=== INSTRUCTIONS FOR THE TASK ===
Write out, from the entries below, exactly the lines that run between the lines holding "Часть брони с" and "Thank you for", inclusive, and stop there.

=== EXCERPTED DATA ===
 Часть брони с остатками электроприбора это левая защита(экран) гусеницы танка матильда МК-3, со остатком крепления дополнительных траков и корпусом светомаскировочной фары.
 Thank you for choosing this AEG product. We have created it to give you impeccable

...

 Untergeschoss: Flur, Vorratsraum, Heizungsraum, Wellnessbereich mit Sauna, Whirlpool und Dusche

=== TASK ANSWER ===
 Часть брони с остатками электроприбора это левая защита(экран) гусеницы танка матильда МК-3, со остатком крепления дополнительных траков и корпусом светомаскировочной фары.
 Thank you for choosing this AEG product. We have created it to give you impeccable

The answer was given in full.